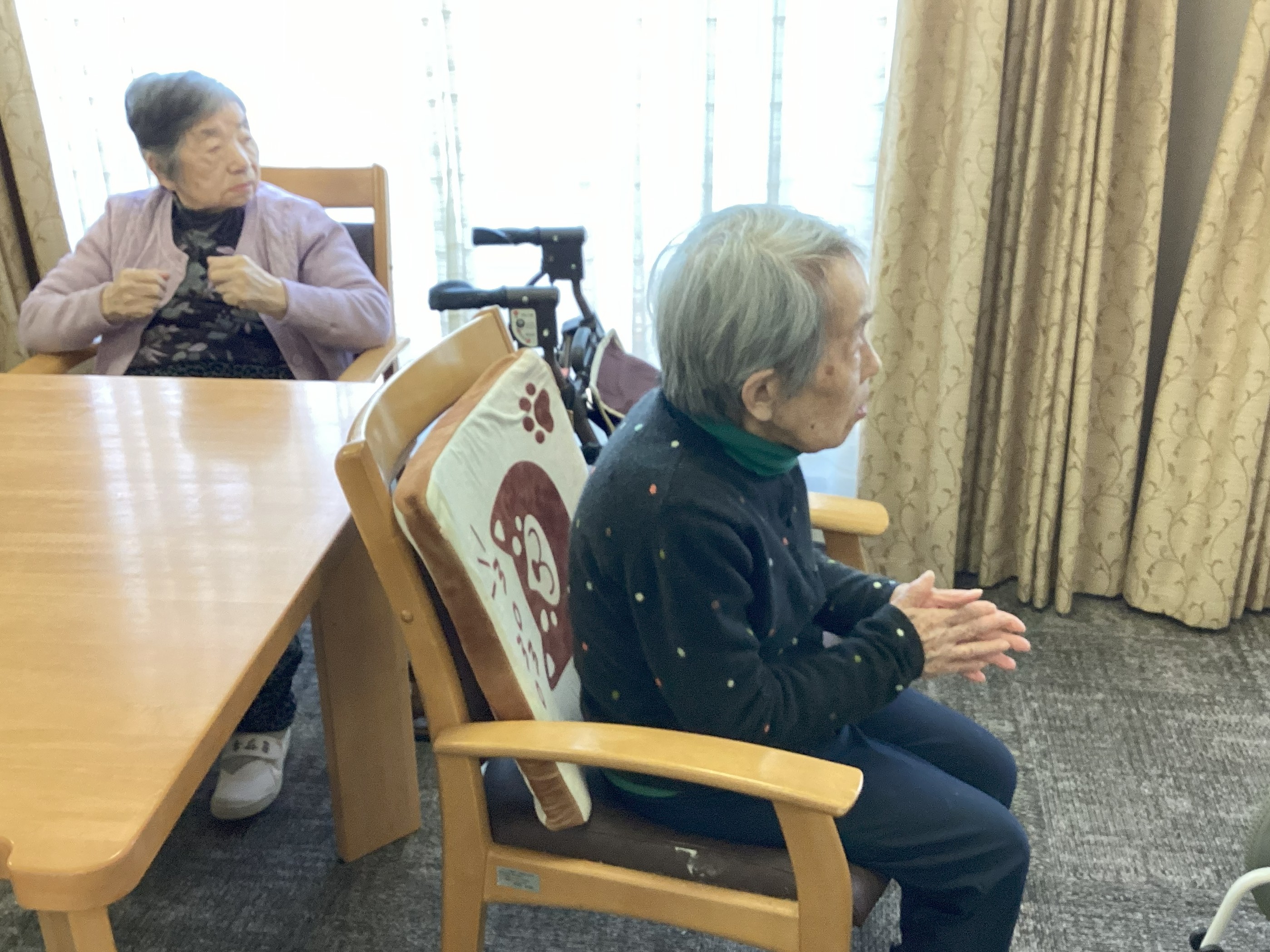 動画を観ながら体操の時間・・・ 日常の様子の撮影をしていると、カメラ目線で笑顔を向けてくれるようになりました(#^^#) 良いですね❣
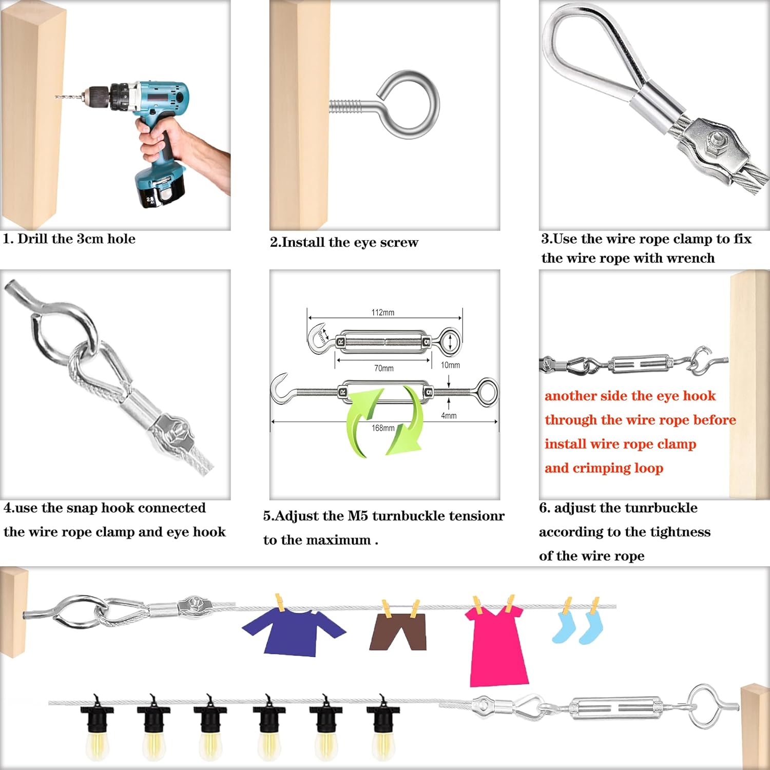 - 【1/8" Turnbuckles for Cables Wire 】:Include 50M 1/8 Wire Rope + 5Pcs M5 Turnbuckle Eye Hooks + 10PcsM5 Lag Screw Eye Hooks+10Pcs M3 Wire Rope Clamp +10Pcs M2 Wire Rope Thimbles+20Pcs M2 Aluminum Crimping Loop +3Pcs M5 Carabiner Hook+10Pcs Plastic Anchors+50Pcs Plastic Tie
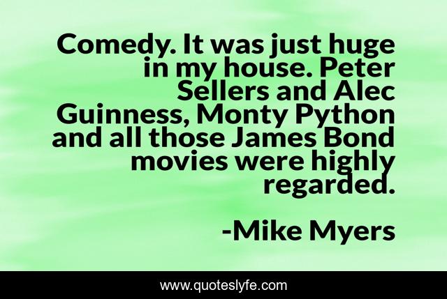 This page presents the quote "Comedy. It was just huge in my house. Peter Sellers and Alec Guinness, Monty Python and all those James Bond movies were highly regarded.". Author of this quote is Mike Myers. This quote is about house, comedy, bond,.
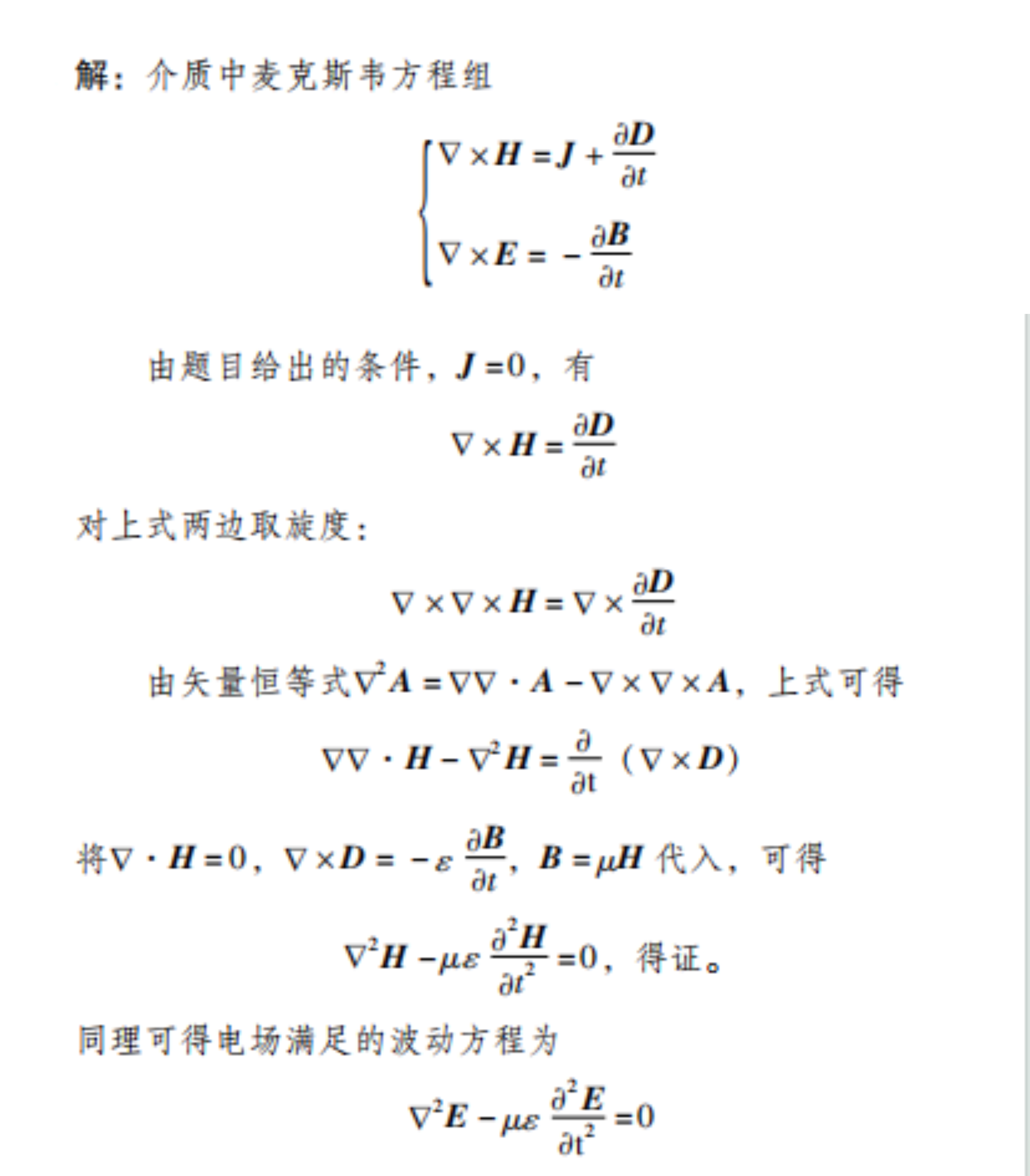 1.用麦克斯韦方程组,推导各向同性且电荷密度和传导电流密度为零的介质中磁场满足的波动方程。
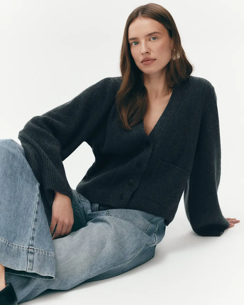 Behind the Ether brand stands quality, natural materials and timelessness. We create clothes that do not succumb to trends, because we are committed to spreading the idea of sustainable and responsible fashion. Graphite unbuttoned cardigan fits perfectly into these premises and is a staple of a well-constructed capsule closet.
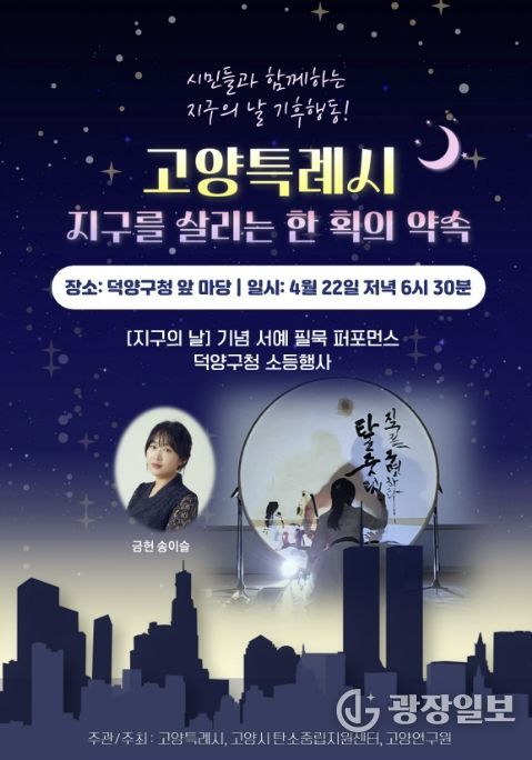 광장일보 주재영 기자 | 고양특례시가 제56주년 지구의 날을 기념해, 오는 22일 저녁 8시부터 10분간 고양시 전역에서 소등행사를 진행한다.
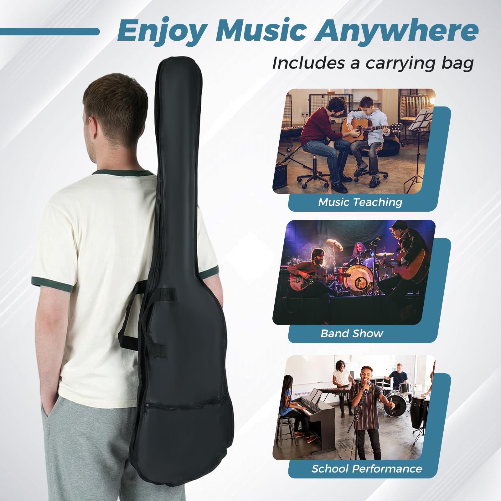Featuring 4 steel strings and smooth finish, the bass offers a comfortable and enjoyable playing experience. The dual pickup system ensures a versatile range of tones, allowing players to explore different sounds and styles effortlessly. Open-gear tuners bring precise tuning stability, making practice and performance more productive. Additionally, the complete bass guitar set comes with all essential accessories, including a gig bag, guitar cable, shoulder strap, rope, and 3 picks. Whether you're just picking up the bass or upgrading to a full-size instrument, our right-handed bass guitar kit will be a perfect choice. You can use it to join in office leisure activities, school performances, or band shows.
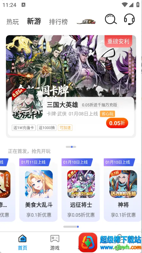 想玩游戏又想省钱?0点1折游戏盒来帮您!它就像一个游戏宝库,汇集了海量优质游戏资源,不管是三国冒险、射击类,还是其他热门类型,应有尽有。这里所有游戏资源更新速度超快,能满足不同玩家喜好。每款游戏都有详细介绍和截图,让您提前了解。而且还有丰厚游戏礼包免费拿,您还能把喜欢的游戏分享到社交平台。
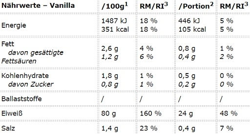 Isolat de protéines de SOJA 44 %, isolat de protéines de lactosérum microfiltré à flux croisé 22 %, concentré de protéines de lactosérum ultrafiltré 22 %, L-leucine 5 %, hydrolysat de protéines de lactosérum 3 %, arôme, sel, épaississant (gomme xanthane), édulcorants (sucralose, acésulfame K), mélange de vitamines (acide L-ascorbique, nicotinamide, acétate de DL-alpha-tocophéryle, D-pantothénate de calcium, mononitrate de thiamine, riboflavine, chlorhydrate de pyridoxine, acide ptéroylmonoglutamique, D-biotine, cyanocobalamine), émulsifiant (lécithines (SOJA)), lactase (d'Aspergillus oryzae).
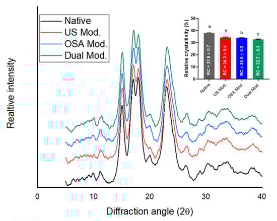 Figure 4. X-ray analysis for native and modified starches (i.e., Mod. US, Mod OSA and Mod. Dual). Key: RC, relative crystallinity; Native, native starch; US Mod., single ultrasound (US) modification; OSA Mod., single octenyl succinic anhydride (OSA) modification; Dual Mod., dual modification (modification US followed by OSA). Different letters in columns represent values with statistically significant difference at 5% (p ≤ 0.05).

****************

● Directions
Reproduce every line of the material precisely, omitting its pictures.

● Your solution
 動画を観ながら体操の時間・・・ 日常の様子の撮影をしていると、カメラ目線で笑顔を向けてくれるようになりました(#^^#) 良いですね❣
 - 【1/8" Turnbuckles for Cables Wire 】:Include 50M 1/8 Wire Rope + 5Pcs M5 Turnbuckle Eye Hooks + 10PcsM5 Lag Screw Eye Hooks+10Pcs M3 Wire Rope Clamp +10Pcs M2 Wire Rope Thimbles+20Pcs M2 Aluminum Crimping Loop +3Pcs M5 Carabiner Hook+10Pcs Plastic Anchors+50Pcs Plastic Tie
 This page presents the quote "Comedy. It was just huge in my house. Peter Sellers and Alec Guinness, Monty Python and all those James Bond movies were highly regarded.". Author of this quote is Mike Myers. This quote is about house, comedy, bond,.
 1.用麦克斯韦方程组,推导各向同性且电荷密度和传导电流密度为零的介质中磁场满足的波动方程。
 Behind the Ether brand stands quality, natural materials and timelessness. We create clothes that do not succumb to trends, because we are committed to spreading the idea of sustainable and responsible fashion. Graphite unbuttoned cardigan fits perfectly into these premises and is a staple of a well-constructed capsule closet.
 광장일보 주재영 기자 | 고양특례시가 제56주년 지구의 날을 기념해, 오는 22일 저녁 8시부터 10분간 고양시 전역에서 소등행사를 진행한다.
Featuring 4 steel strings and smooth finish, the bass offers a comfortable and enjoyable playing experience. The dual pickup system ensures a versatile range of tones, allowing players to explore different sounds and styles effortlessly. Open-gear tuners bring precise tuning stability, making practice and performance more productive. Additionally, the complete bass guitar set comes with all essential accessories, including a gig bag, guitar cable, shoulder strap, rope, and 3 picks. Whether you're just picking up the bass or upgrading to a full-size instrument, our right-handed bass guitar kit will be a perfect choice. You can use it to join in office leisure activities, school performances, or band shows.
 想玩游戏又想省钱?0点1折游戏盒来帮您!它就像一个游戏宝库,汇集了海量优质游戏资源,不管是三国冒险、射击类,还是其他热门类型,应有尽有。这里所有游戏资源更新速度超快,能满足不同玩家喜好。每款游戏都有详细介绍和截图,让您提前了解。而且还有丰厚游戏礼包免费拿,您还能把喜欢的游戏分享到社交平台。
 Isolat de protéines de SOJA 44 %, isolat de protéines de lactosérum microfiltré à flux croisé 22 %, concentré de protéines de lactosérum ultrafiltré 22 %, L-leucine 5 %, hydrolysat de protéines de lactosérum 3 %, arôme, sel, épaississant (gomme xanthane), édulcorants (sucralose, acésulfame K), mélange de vitamines (acide L-ascorbique, nicotinamide, acétate de DL-alpha-tocophéryle, D-pantothénate de calcium, mononitrate de thiamine, riboflavine, chlorhydrate de pyridoxine, acide ptéroylmonoglutamique, D-biotine, cyanocobalamine), émulsifiant (lécithines (SOJA)), lactase (d'Aspergillus oryzae).
 Figure 4. X-ray analysis for native and modified starches (i.e., Mod. US, Mod OSA and Mod. Dual). Key: RC, relative crystallinity; Native, native starch; US Mod., single ultrasound (US) modification; OSA Mod., single octenyl succinic anhydride (OSA) modification; Dual Mod., dual modification (modification US followed by OSA). Different letters in columns represent values with statistically significant difference at 5% (p ≤ 0.05).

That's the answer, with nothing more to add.